* _Provided data_
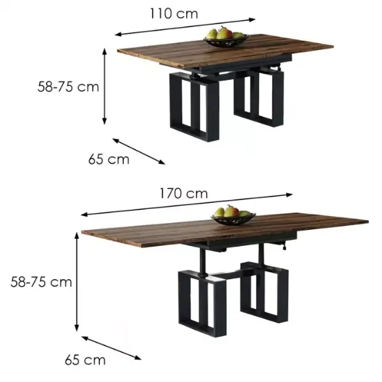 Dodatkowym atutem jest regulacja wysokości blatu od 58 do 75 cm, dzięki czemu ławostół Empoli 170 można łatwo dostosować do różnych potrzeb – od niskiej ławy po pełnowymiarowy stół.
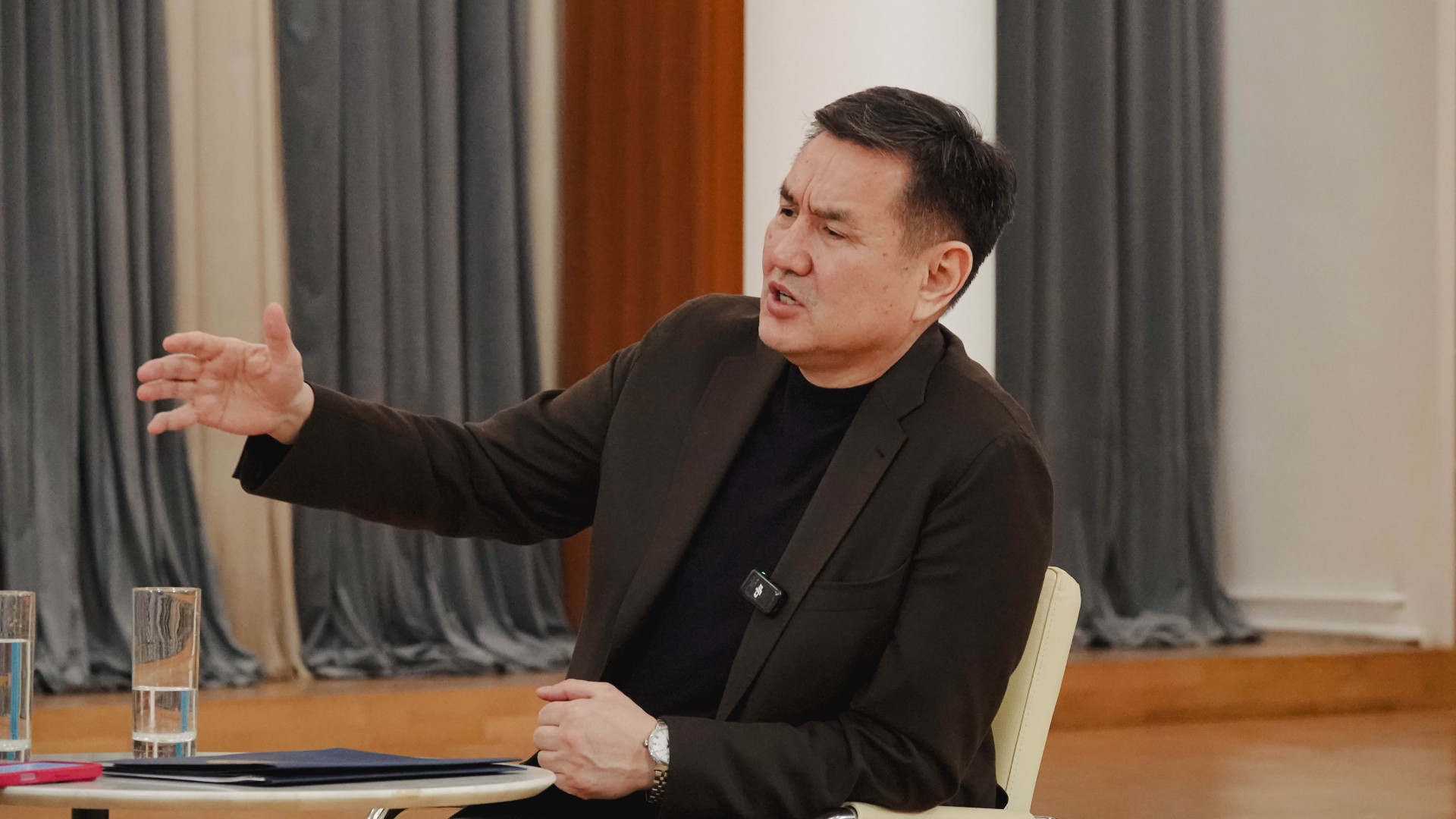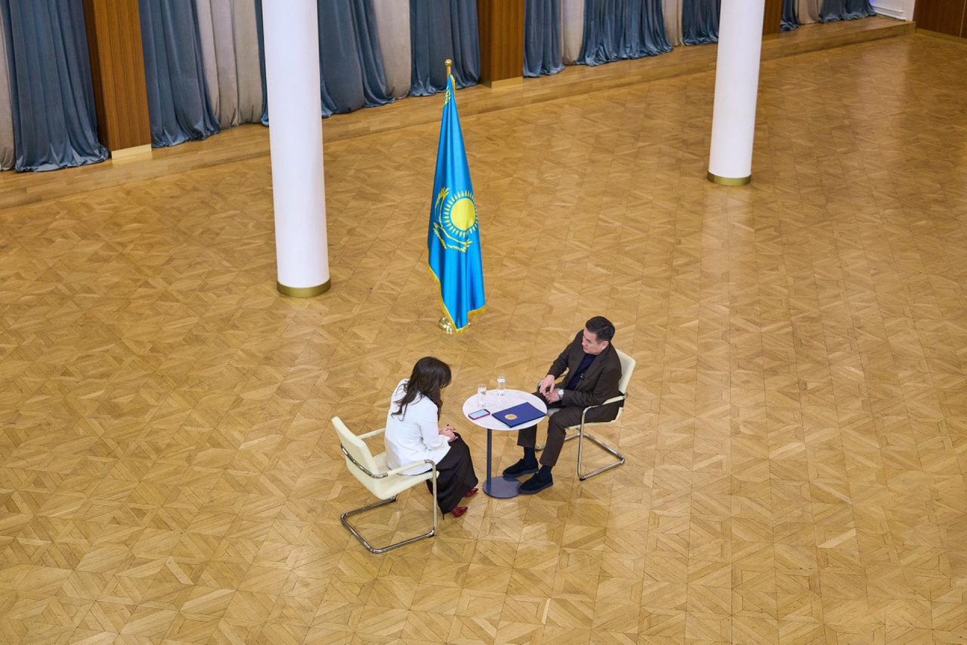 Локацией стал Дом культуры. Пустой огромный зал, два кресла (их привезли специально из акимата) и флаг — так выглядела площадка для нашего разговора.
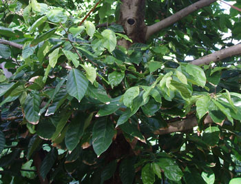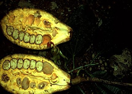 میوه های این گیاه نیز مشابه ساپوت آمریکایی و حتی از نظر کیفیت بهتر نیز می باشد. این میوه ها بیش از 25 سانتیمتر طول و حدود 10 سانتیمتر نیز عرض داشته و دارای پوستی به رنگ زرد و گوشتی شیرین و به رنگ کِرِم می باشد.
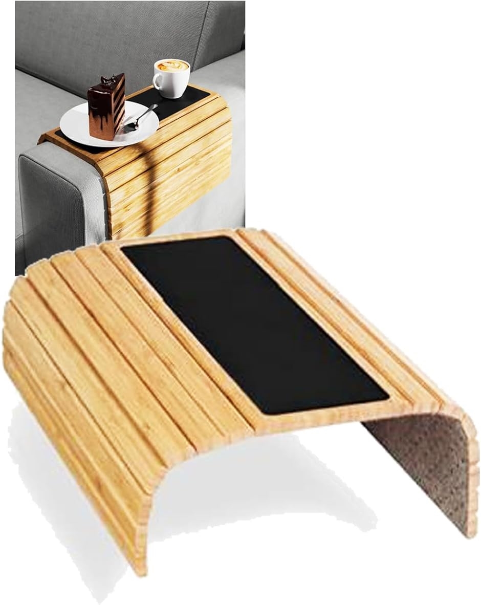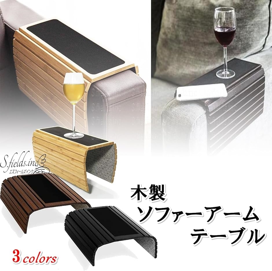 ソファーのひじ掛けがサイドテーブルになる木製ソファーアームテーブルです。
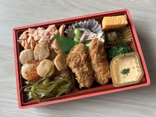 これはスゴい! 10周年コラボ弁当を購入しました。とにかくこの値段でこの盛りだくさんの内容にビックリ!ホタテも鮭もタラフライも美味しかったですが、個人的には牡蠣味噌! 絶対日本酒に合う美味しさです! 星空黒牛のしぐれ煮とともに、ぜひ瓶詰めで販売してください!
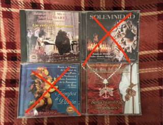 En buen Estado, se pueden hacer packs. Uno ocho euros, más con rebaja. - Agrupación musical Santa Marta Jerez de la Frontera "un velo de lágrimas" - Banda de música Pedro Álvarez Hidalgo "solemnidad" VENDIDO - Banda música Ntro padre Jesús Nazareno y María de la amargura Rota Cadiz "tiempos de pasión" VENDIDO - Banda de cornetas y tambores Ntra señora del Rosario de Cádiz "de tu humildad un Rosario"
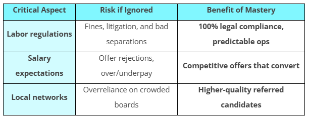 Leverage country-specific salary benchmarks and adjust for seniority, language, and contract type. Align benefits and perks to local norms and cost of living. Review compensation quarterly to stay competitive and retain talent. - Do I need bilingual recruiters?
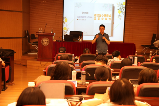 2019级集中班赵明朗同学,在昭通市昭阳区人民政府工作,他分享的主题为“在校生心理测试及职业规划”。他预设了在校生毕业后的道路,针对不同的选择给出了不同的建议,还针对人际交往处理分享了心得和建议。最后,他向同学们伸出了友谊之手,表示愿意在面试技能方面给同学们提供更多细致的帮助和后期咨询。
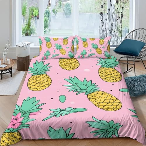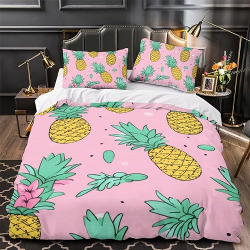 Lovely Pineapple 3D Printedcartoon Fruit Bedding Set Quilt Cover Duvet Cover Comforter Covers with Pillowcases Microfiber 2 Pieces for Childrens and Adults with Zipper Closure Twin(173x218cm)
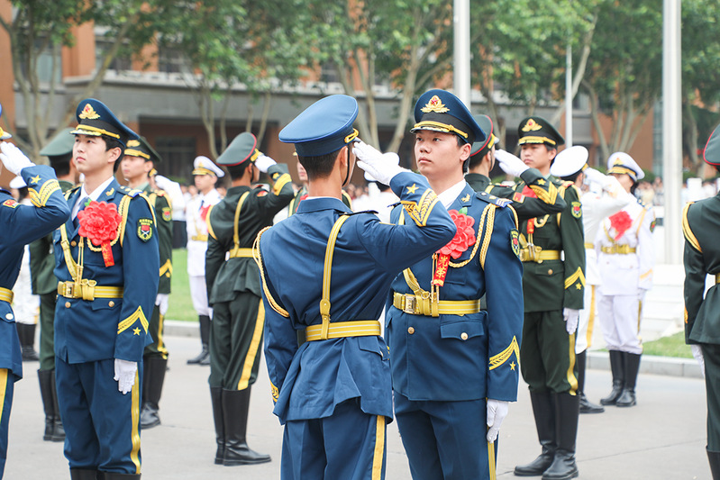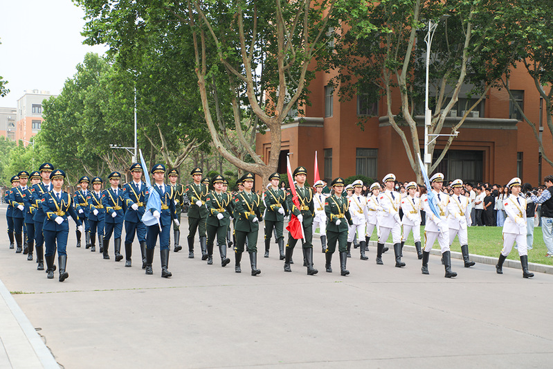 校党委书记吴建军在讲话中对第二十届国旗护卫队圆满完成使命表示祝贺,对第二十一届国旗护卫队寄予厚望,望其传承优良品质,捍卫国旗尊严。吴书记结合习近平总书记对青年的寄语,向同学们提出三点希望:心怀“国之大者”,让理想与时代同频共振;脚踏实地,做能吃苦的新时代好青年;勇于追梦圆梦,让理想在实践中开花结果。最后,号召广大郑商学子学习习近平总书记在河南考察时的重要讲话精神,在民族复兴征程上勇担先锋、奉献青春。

* * *

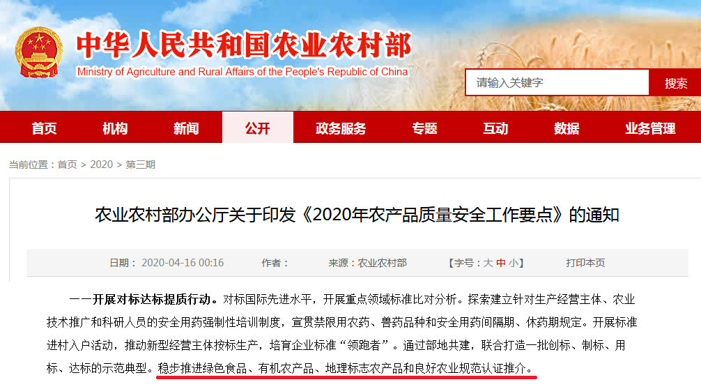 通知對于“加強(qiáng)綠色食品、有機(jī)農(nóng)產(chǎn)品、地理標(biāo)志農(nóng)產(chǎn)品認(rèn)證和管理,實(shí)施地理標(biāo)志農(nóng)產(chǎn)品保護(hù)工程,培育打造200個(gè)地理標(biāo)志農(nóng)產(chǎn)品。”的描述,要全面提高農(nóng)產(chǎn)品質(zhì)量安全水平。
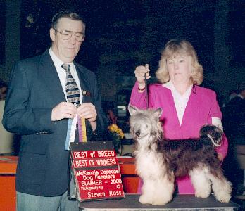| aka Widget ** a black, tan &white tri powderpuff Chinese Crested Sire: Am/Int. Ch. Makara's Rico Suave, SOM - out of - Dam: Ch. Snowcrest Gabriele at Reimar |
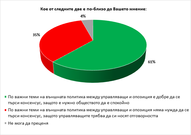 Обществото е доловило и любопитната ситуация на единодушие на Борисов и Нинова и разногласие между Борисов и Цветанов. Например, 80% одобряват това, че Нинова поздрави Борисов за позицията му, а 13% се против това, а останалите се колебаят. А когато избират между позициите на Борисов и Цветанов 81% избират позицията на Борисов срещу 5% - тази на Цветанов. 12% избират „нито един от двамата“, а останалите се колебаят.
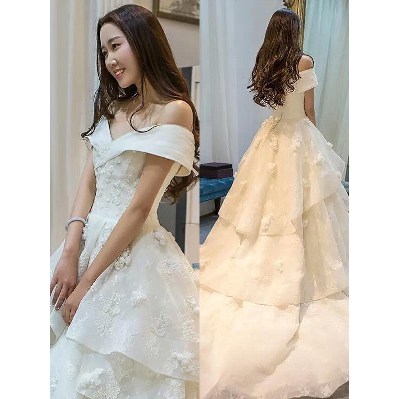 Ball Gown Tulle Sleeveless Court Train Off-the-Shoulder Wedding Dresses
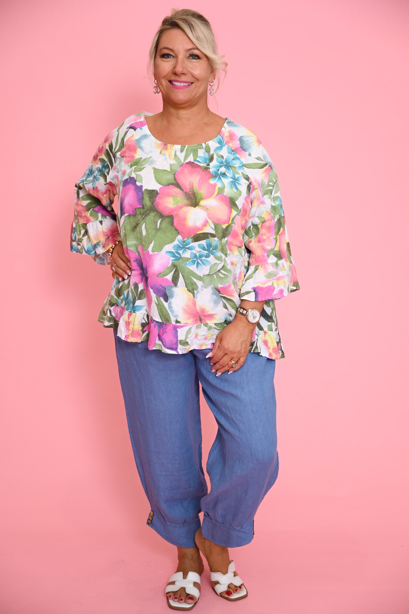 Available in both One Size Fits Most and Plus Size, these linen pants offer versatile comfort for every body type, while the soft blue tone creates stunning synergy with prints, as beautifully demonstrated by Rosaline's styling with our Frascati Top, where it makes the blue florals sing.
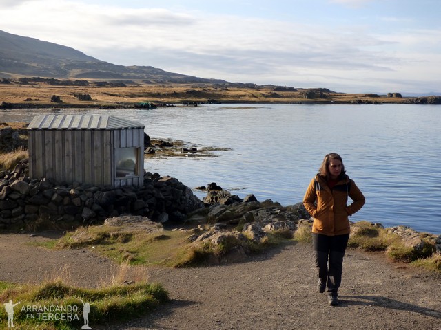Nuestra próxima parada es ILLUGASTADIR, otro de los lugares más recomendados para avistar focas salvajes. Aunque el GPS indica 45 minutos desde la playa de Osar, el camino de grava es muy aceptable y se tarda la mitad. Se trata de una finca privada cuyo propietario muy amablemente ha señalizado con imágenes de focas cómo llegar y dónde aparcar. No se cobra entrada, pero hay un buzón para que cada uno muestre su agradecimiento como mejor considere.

==

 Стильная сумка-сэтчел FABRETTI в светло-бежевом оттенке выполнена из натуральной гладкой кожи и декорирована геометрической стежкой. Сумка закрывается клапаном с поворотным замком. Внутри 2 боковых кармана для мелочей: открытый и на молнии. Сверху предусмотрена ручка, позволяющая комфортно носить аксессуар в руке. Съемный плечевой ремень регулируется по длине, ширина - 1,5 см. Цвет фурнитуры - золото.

* _What is needed_
Using the records above, print exactly the lines between the ones containing "Ball Gown Tulle" and "Available in both", inclusive, and nothing else; no pictures.

* _Solution to the problem_
 Ball Gown Tulle Sleeveless Court Train Off-the-Shoulder Wedding Dresses
 Available in both One Size Fits Most and Plus Size, these linen pants offer versatile comfort for every body type, while the soft blue tone creates stunning synergy with prints, as beautifully demonstrated by Rosaline's styling with our Frascati Top, where it makes the blue florals sing.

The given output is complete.